Chegado à igreja, onde a família teatral marcava presença – como, aliás, é regra naquele meio –, chamou-me a atenção uma frase escrita num pedaço de papel com a sua fotografia, pouco maior do que um cartão-de-visita, onde se lia: «Chegou a hora de viajar sozinho… Larguem-me… Deixem-me partir…». E continuava com outros pensamentos que muito me impressionaram. Era o próprio a despedir-se…
É evidente que estes registos dizem respeito a um determinado momento e devem ser interpretados num contexto específico. Porém, se os quisermos aplicar a outro contexto – por exemplo, à minha vida profissional –, haverá muito mais a acrescentar.
Congratulo-me com o aparecimento de sinais na sociedade que chamam a atenção para a necessidade de saber ‘deixar partir’ as pessoas quando chega a sua hora.
Ultimamente, talvez pela discussão acesa sobre a eutanásia – tema que divide (e muito) os portugueses, estando em causa a dignidade da vida humana versus o sofrimento que se pretende evitar –, começam a surgir teorias e maneiras de pensar de sentido oposto, às quais se fixam muitos daqueles que se recusam a aceitar que, num dado momento, todos temos partir.

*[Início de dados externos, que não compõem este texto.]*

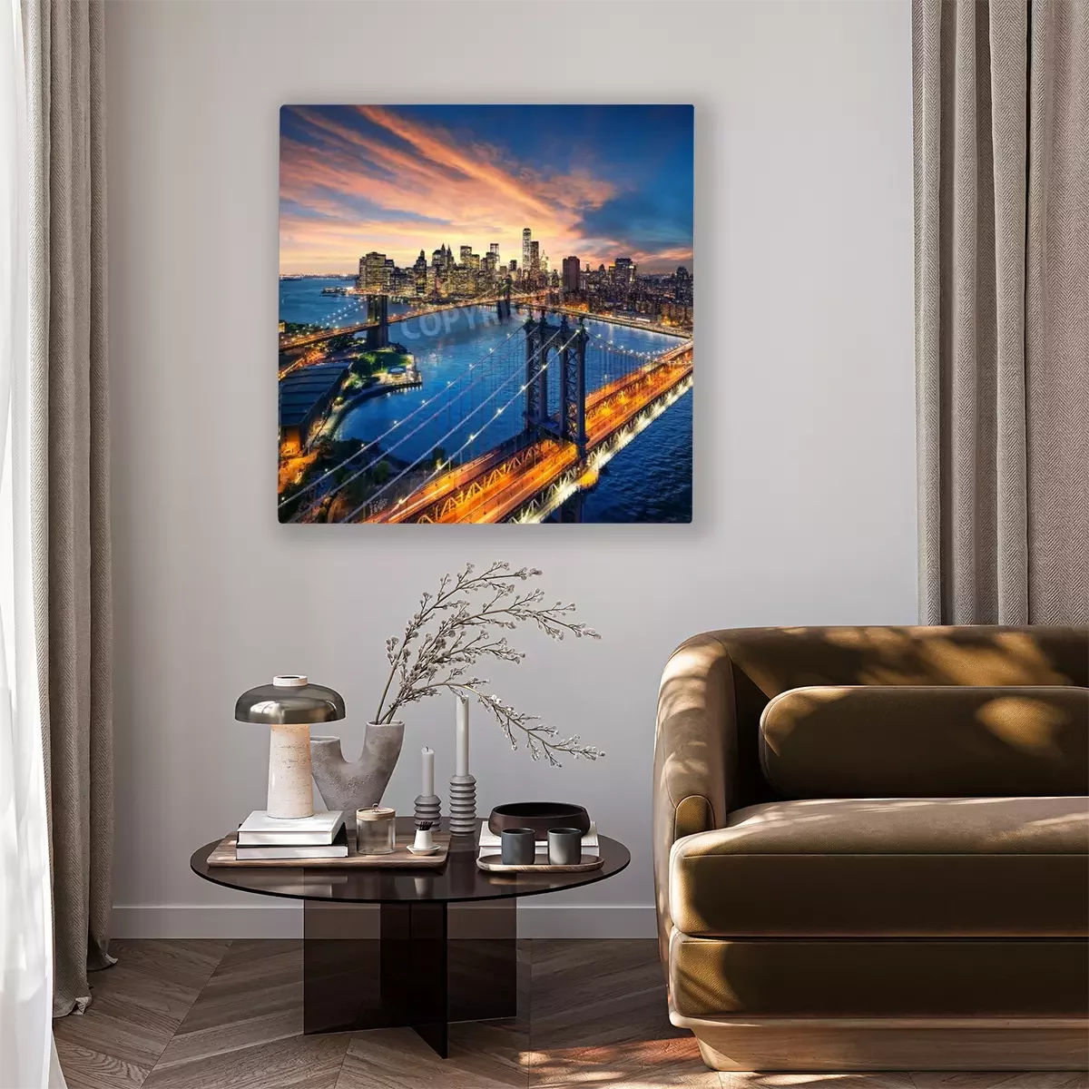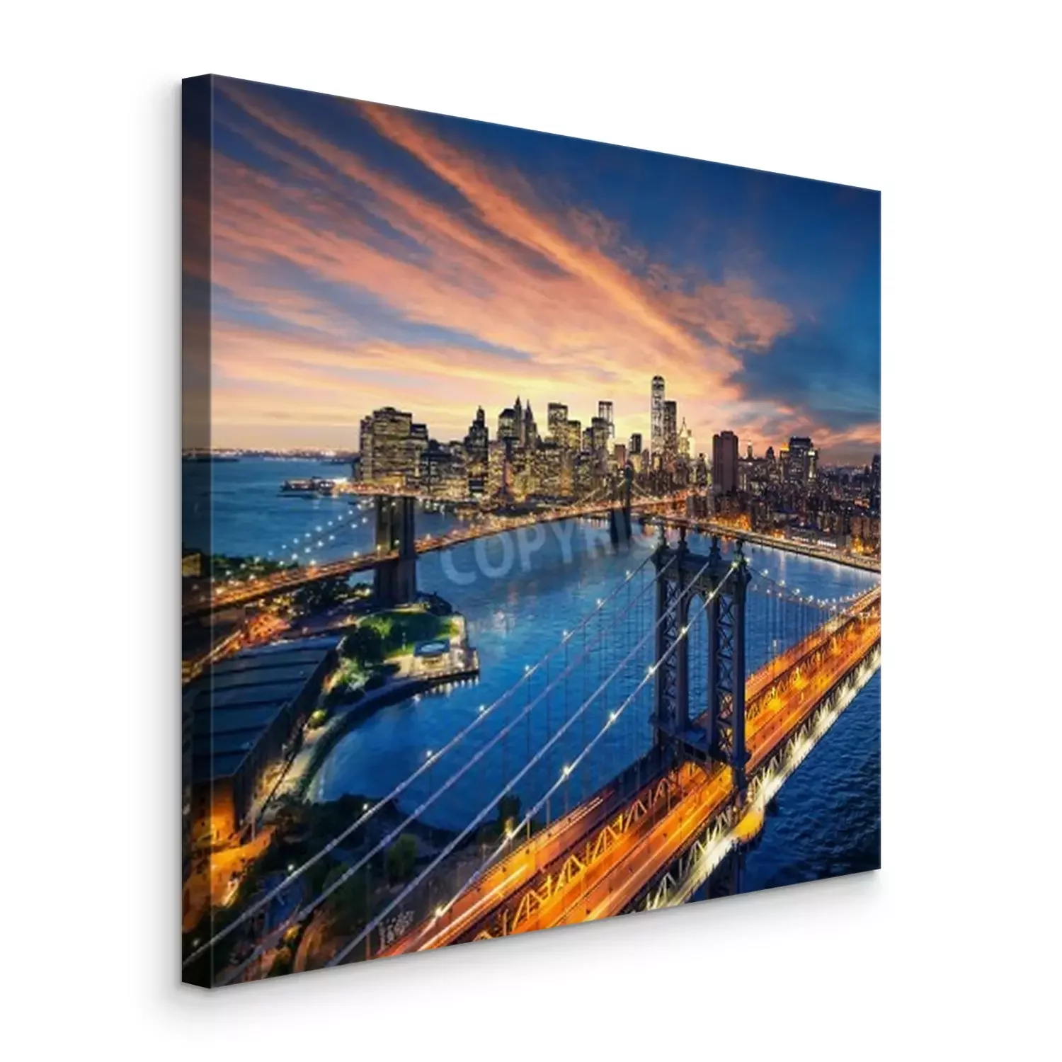 Tableau : New York City - Magnifique coucher de soleil sur Manhattan avec Manhattan et Brooklyn Bridge

Daí, como já disse nestas colunas, é hoje difícil admitir-se a morte natural, isto é, a que ocorre na sequência das causas normais (naturais) – como, por exemplo, as infeções, as doenças crónicas, as oncológicas, as vasculares, associadas ou não ao fator idade, já que presentemente vive-se até mais tarde.
Nesta perspetiva, é preciso encontrar sempre um ‘causador’ a quem atribuir a responsabilidade pela morte de alguém – quer seja o médico, ou a equipa ou a instituição onde os doentes acabam os seus dias.
Contava-me um leitor, também ele indignado com o caso, que uma família culpava o hospital pela morte de um familiar (pretendendo até proceder criminalmente contra ele), ‘esquecendo-se’ de revelar que tinham abandonado o parente naquele estabelecimento ao longo do seu internamento!
Por outro lado, no meio médico, começam também a verificar-se sinais de ‘inaceitação’ da realidade, ao pretenderem tratar-se situações clínicas em fase terminal e já sem o mínimo de condições para responderem positivamente à estratégia terapêutica.
Não será isto uma forma de distanásia? Onde está o bom senso clínico capaz de perceber que, em certos casos, é errado recorrer a manobras intempestivas ou a terapêuticas desnecessárias, devendo recorrer-se apenas a medidas de conforto e de suporte?
E nas doenças oncológicas avançadas – onde, por vezes, o lado humano se sobrepõe ao clínico – será correcto que, na ânsia desesperada de fazer mais alguma coisa para alcançar o que já não é alcançável, se bombardeiem os doentes com quimioterapias devastadoras, cujos resultados acabam por comprovar que de pouco ou nada serviram?
Esta poderosíssima arma terapêutica, proveniente do indiscutível progresso da medicina, é também uma ‘faca de dois gumes’ que exige cada vez mais critério rigoroso e ponderação na sua utilização. A experiência fala mais alto, e nem sempre os fins em vista justificam os meios para lá chegar.
Um pouco por tudo isto, é fundamental muita prudência e bom senso. Por muito que nos custe, há de chegar a hora de vermos os nossos partir e de percebermos que temos de os deixar ‘seguir o seu caminho’. Faz parte da vida e não é sinónimo de desinteresse, desleixo ou abandono.
Para os não crentes, é esta a visão real e objetiva do problema. Para os crentes, a questão coloca-se de uma outra maneira. A pensar neste grupo, no qual me incluo, transcrevo a parte final daquele papel que encontrei, por acaso, em cima de uma mesa à disposição de toda a gente, por considerar de fascinante beleza: «Se precisarem chamem-me que eu venho logo. E se ouvirem o vosso coração, poderão experimentar o alívio e a felicidade que vos dou. Ausente no corpo, presente com Deus».